1046102779 avatar Sep 22 '22 09:09 1046102779

Opentelemetry Init Configuration

apiVersion: dapr.io/v1alpha1
kind: Configuration
metadata:
  name: configuration
  namespace: default
spec:
  metric:
    enabled: true
    exporterAddress: "9.xxx.xxx.x8:4318"
  tracing:
    enabled: true
    samplingRate: 1
    exporterAddress: "9.xxx.xxx.x8:4317"
  log:
    file_enabled: false
    log_level: 0
    trace_enabled: true
    encode_logs_as_json: true
  nameresolution:
    nr_component_name: "nameresolution-polaris"
    service: "dapr.gbot.sqqgroup"
    namespace: "Production"
    metadata:
      token: "77001b56xxxxxeb69ab0431836e9be"

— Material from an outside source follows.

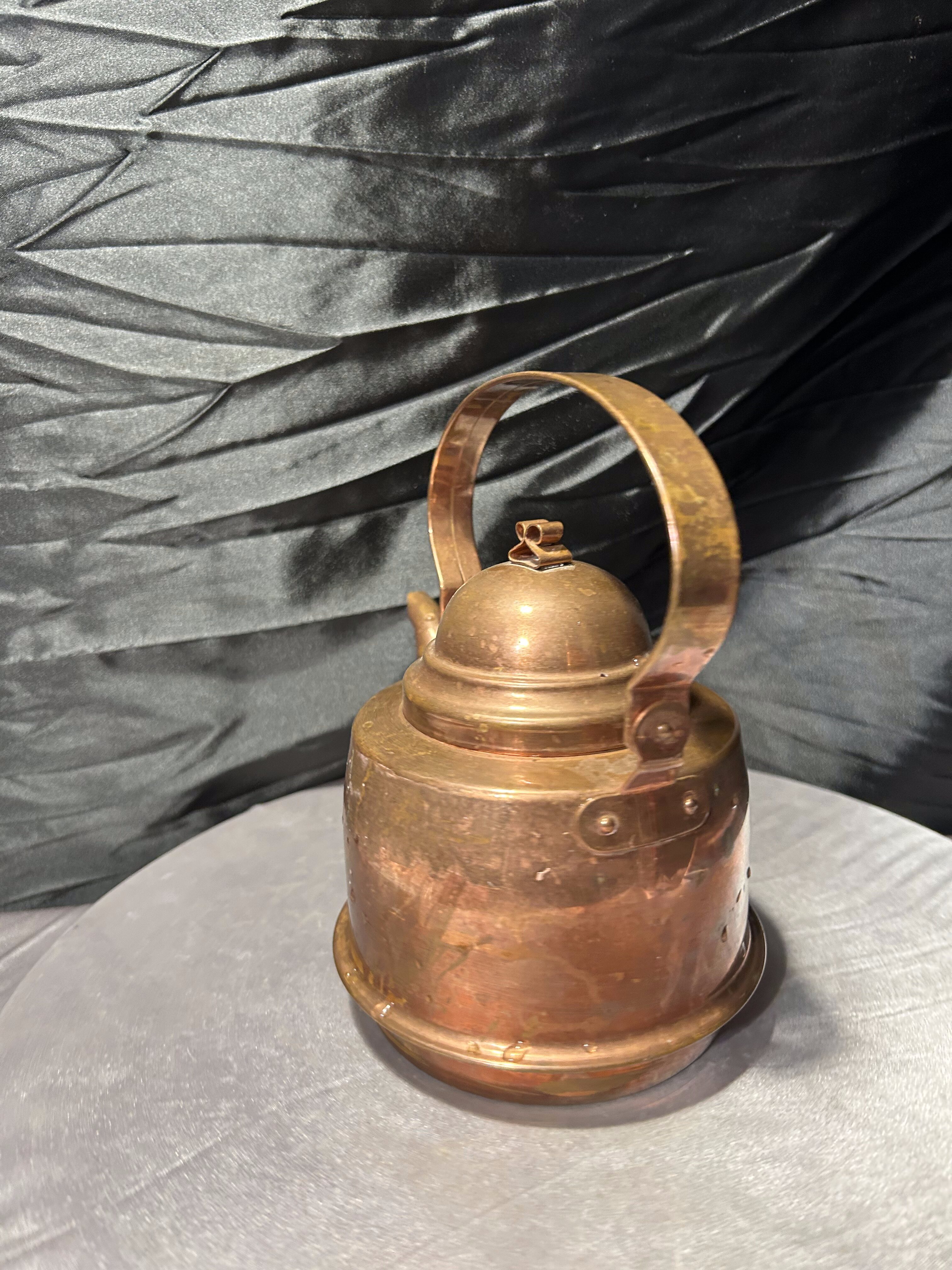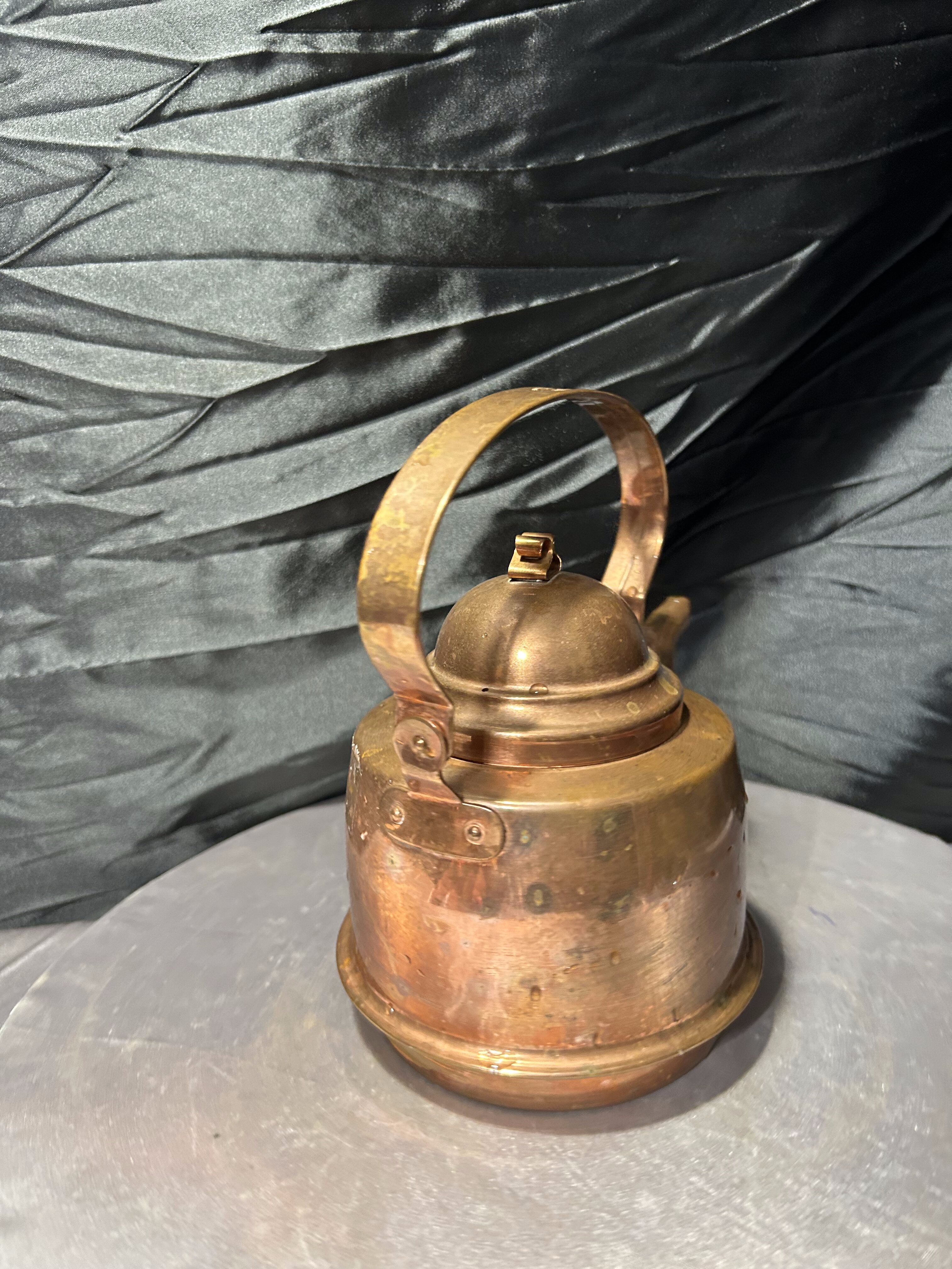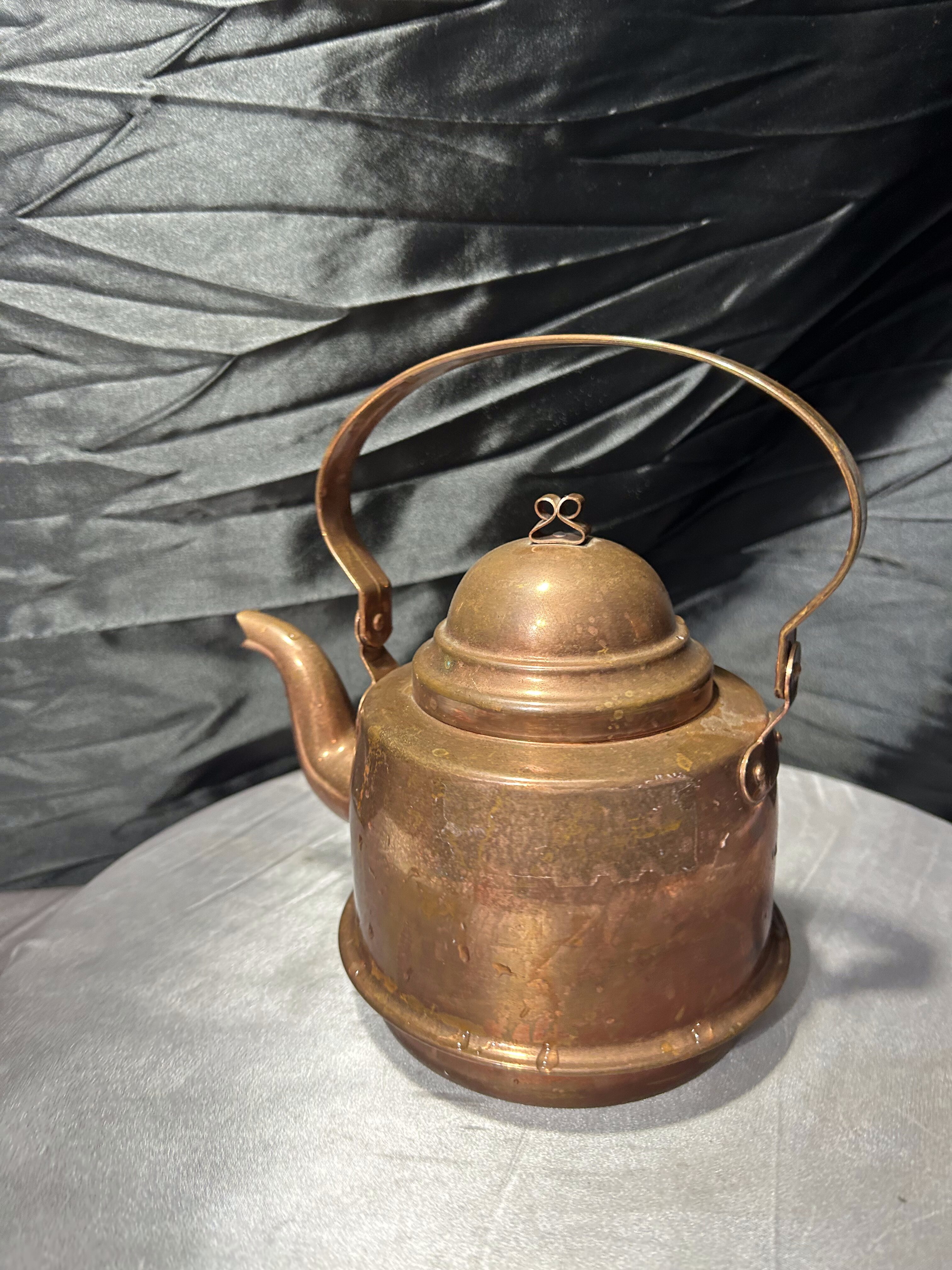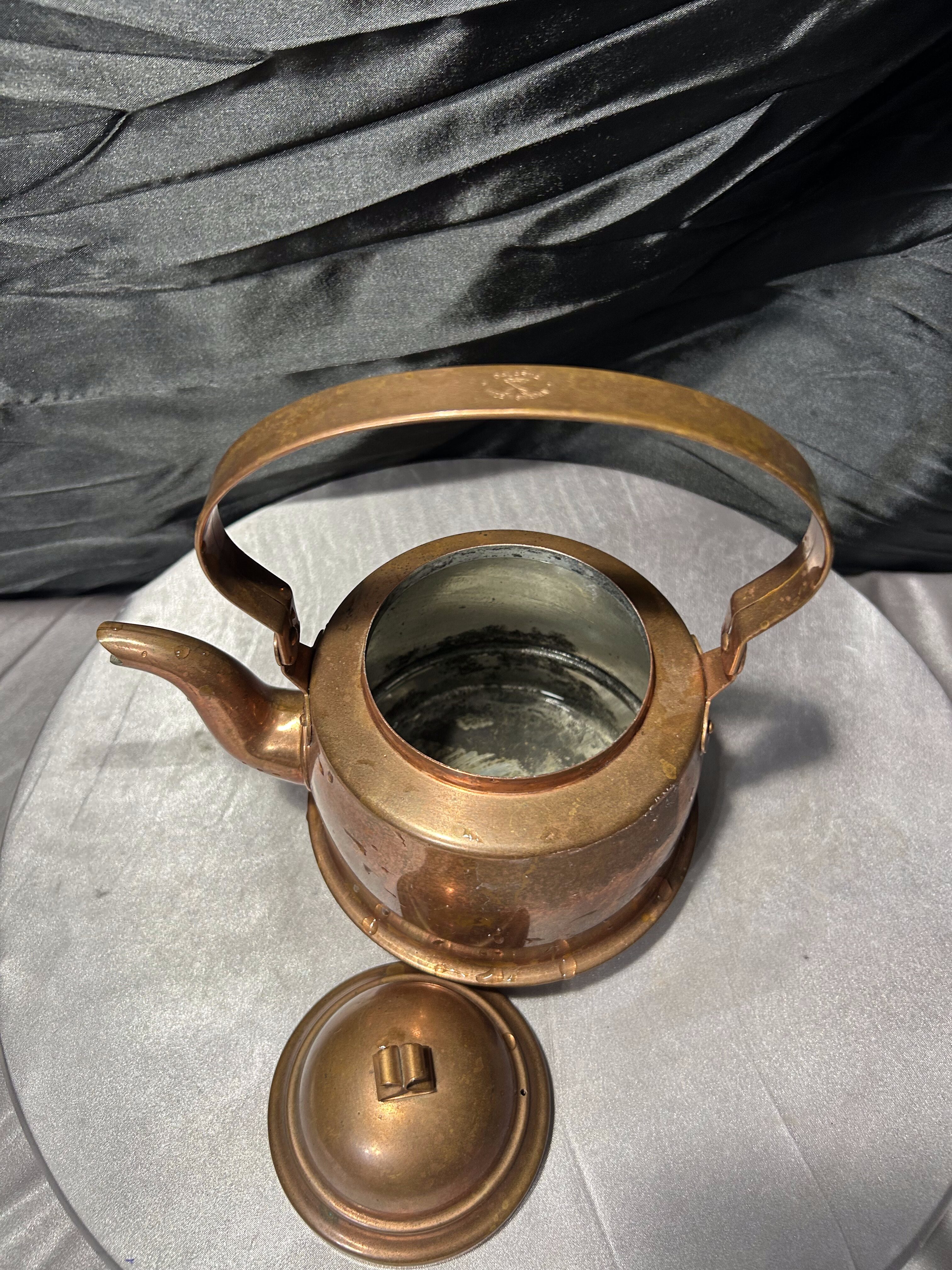 Klasyczny czajnik wykonany z miedzi, o tradycyjnej, solidnej formie. Wyposażony w praktyczny rant u podstawy, który umożliwia stabilne ustawienie na piecu z fajerkami. Model z ruchomym uchwytem i charakterystyczną, wyprofilowaną wylewką. Czajnik sygnowany, zachowany w stanie zgodnym z wiekiem i użytkowaniem.

1046102779 avatar Sep 22 '22 09:09 1046102779

Metric Init

package diagnostics

import (
        "context"
        "time"

        "github.com/pkg/errors"
        "go.opentelemetry.io/otel"
        "go.opentelemetry.io/otel/exporters/otlp/otlpmetric"
        "go.opentelemetry.io/otel/exporters/otlp/otlpmetric/otlpmetrichttp"
        "go.opentelemetry.io/otel/metric"
        "go.opentelemetry.io/otel/metric/global"
        "go.opentelemetry.io/otel/sdk/metric/aggregator/histogram"
        controller "go.opentelemetry.io/otel/sdk/metric/controller/basic"
        processor "go.opentelemetry.io/otel/sdk/metric/processor/basic"
        "go.opentelemetry.io/otel/sdk/metric/selector/simple"
        "go.opentelemetry.io/otel/sdk/resource"
        semconv "go.opentelemetry.io/otel/semconv/v1.9.0"
)
var (
        // DefaultReportingPeriod is the default view reporting period.
        DefaultReportingPeriod = 60 * time.Second

        // DefaultMonitoring holds service monitoring metrics definitions.
        DefaultMonitoring *serviceMetrics
        // DefaultGRPCMonitoring holds default gRPC monitoring handlers and middlewares.
        DefaultGRPCMonitoring *grpcMetrics
        // DefaultHTTPMonitoring holds default HTTP monitoring handlers and middlewares.
        DefaultHTTPMonitoring *httpMetrics
        // DefaultComponentMonitoring holds component specific metrics.
        DefaultComponentMonitoring *componentMetrics
        // DefaultTRPCMonitoring holds default tRPC monitoring handlers and middlewares.
        DefaultTRPCMonitoring *trpcMetrics
)

// MetricClient is a metric client.
type MetricClient struct {
        AppID     string
        Namespace string
        // Address collector receiver address.
        Address string

        meter    metric.Meter
        pusher   *controller.Controller
        exporter *otlpmetric.Exporter
}

// InitMetrics initializes metrics.
func InitMetrics(address, appID, namespace string) (*MetricClient, error) {
        var err error
        if address == "" {
                address = defaultMetricExporterAddr
        }
        client := &MetricClient{
                AppID:     appID,
                Namespace: namespace,
                Address:   address,
        }
        if err = client.init(); err != nil {
                return nil, err
        }
        DefaultMonitoring = client.newServiceMetrics()
        DefaultGRPCMonitoring = client.newGRPCMetrics()
        DefaultHTTPMonitoring = client.newHTTPMetrics()
        DefaultTRPCMonitoring = client.newTRPCMetrics()
        DefaultComponentMonitoring = client.newComponentMetrics()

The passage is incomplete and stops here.